Applicant's summary and conclusion

Conclusions:

Maternal toxicity was apparent as decreased weight gain and reduced body weight in pregnant mice treated with vanadyl sulphate pentahydrate at doses of 37.5, 75 or 150 mg/kg/day. Effects on foetal weights and lengths, in addition to an increased incidence of poorly ossified skeletal elements at all dose levels was seen as embryofoetotoxicity. Treatment resulted in increased incidence of external malformations and gross, visceral and skeletal variations with cleft palate and micrognathia being the major gross malformations seen at the highest dose level (150 mg/kg/day).
The No Observed Effect Level (NOEL) for maternal toxicity, embryotoxicity, foetotoxicity and teratogenicity was less than 37.5 mg/kg/day.

Executive summary:

A prenatal developmental toxicity study has been undertaken on vanadyl sulphate pentahydrate using methods similar to those described in OECD TG No. 414.
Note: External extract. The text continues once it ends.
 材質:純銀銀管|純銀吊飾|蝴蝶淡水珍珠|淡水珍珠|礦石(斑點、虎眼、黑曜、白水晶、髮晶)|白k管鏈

Maternal toxicity was apparent as decreased weight gain and reduced body weight in pregnant mice treated with vanadyl sulphate pentahydrate at doses of 37.5, 75 or 150 mg/kg/day. Effects on foetal weights and lengths, in addition to an increased incidence of poorly ossified skeletal elements at all dose levels was seen as embryofoetotoxicity. Treatment resulted in increased incidence of external malformations and gross, visceral and skeletal variations with cleft palate and micrognathia being the major gross malformations seen at the highest dose level (150 mg/kg/day).

The No Observed Effect Level (NOEL) for maternal toxicity, embryotoxicity, foetotoxicity and teratogenicity was less than 37.5 mg/kg/day.